An exact restatement of all the data is required, with the pictures left out.

DATA SEGMENT below:

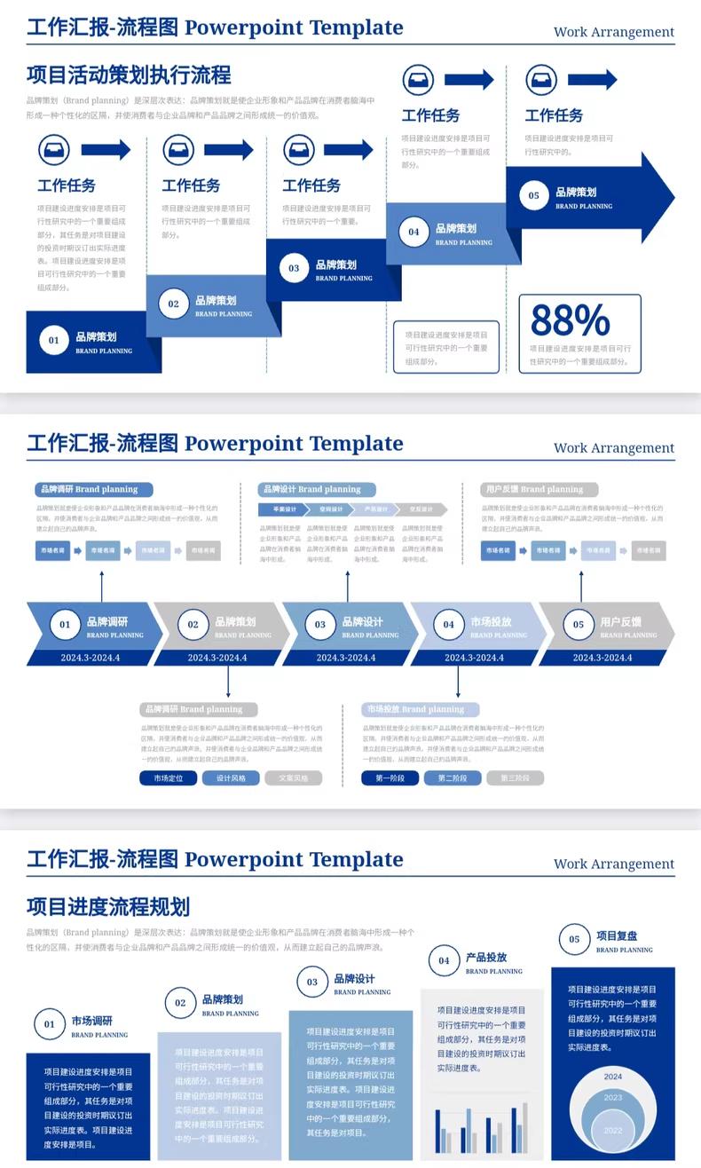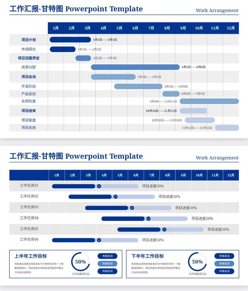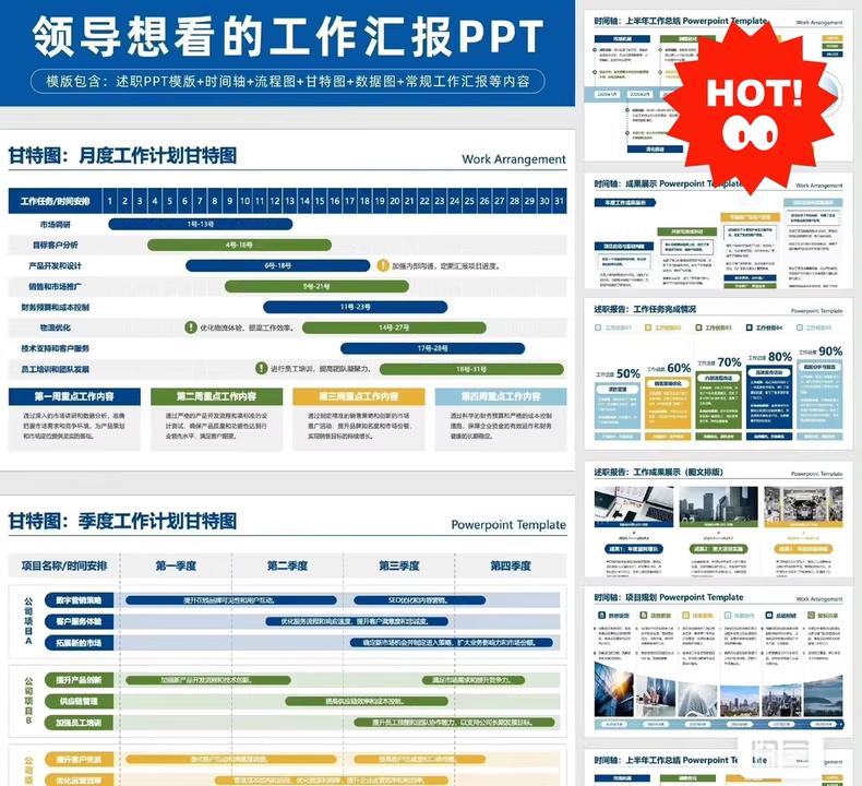 200多页海量内容,覆盖成果展示、工作规划、数据图表、甘特图、时间轴、流程图等全场景,直接套用不用费心。
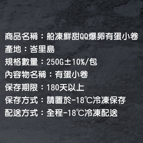 .商品名稱:船凍鮮甜QQ爆卵有蛋小卷5包(250g/包) 免運
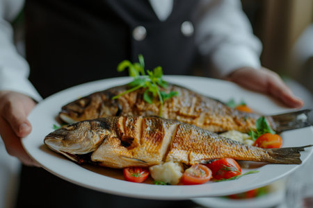Freshly Grilled Fish Served on White Plate with Vegetables by Waiter in Fine Dining Restaurant.
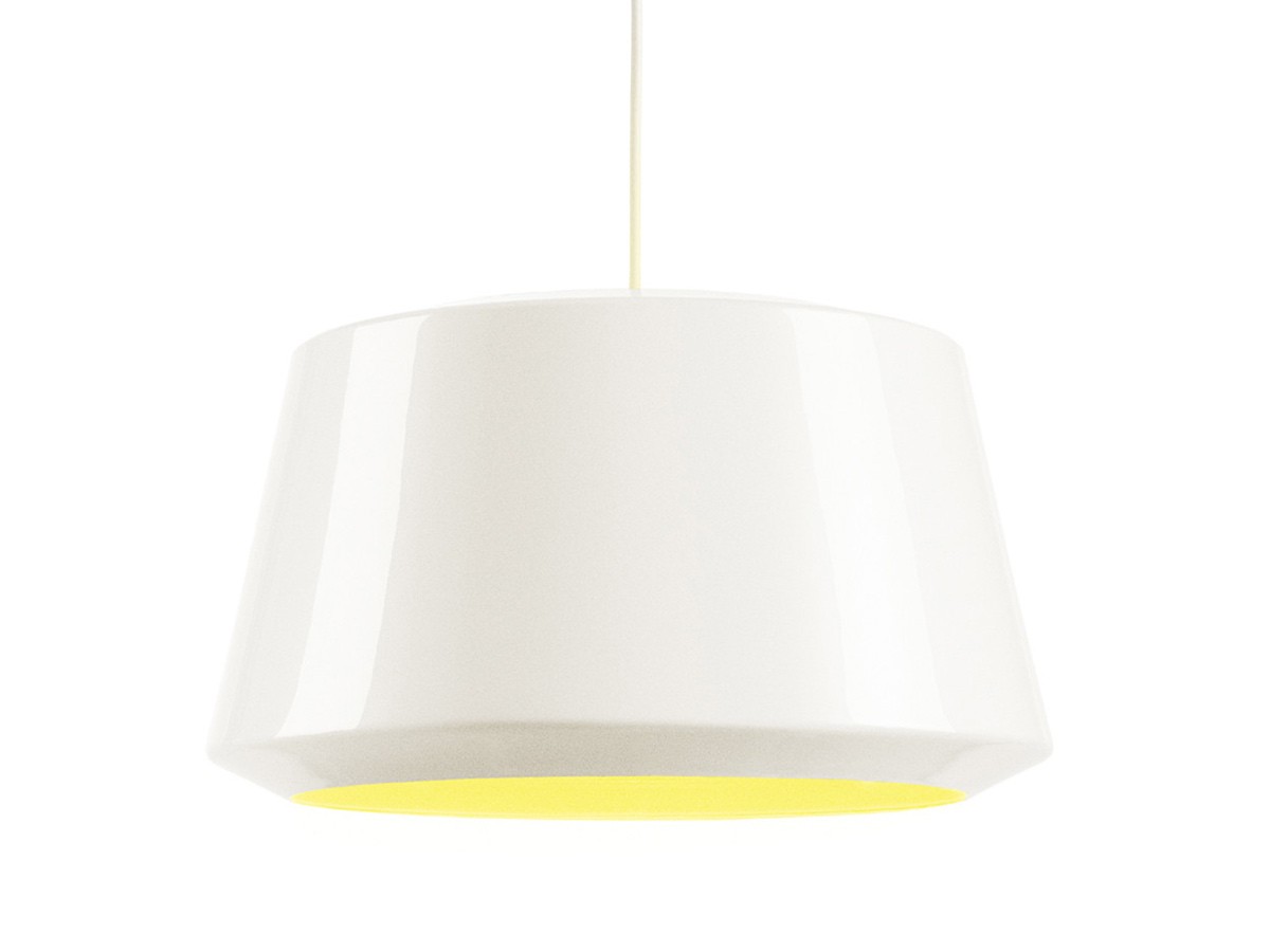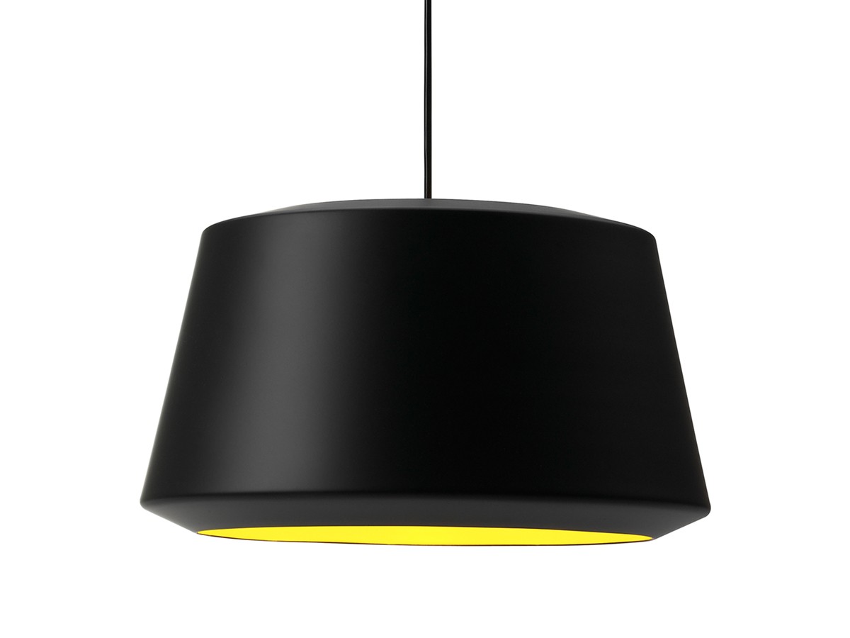 The Can Pendant Light has either a black or white painted exterior, with a contrasting yellow interior. Its simplistic 'domed' shape makes it suitable for a number of settings, from above a dining table to inside an entrance way.

End of DATA SEGMENT.

**RESPONSE TO THE TASK**.
 200多页海量内容,覆盖成果展示、工作规划、数据图表、甘特图、时间轴、流程图等全场景,直接套用不用费心。
 .商品名稱:船凍鮮甜QQ爆卵有蛋小卷5包(250g/包) 免運
Freshly Grilled Fish Served on White Plate with Vegetables by Waiter in Fine Dining Restaurant.
 The Can Pendant Light has either a black or white painted exterior, with a contrasting yellow interior. Its simplistic 'domed' shape makes it suitable for a number of settings, from above a dining table to inside an entrance way.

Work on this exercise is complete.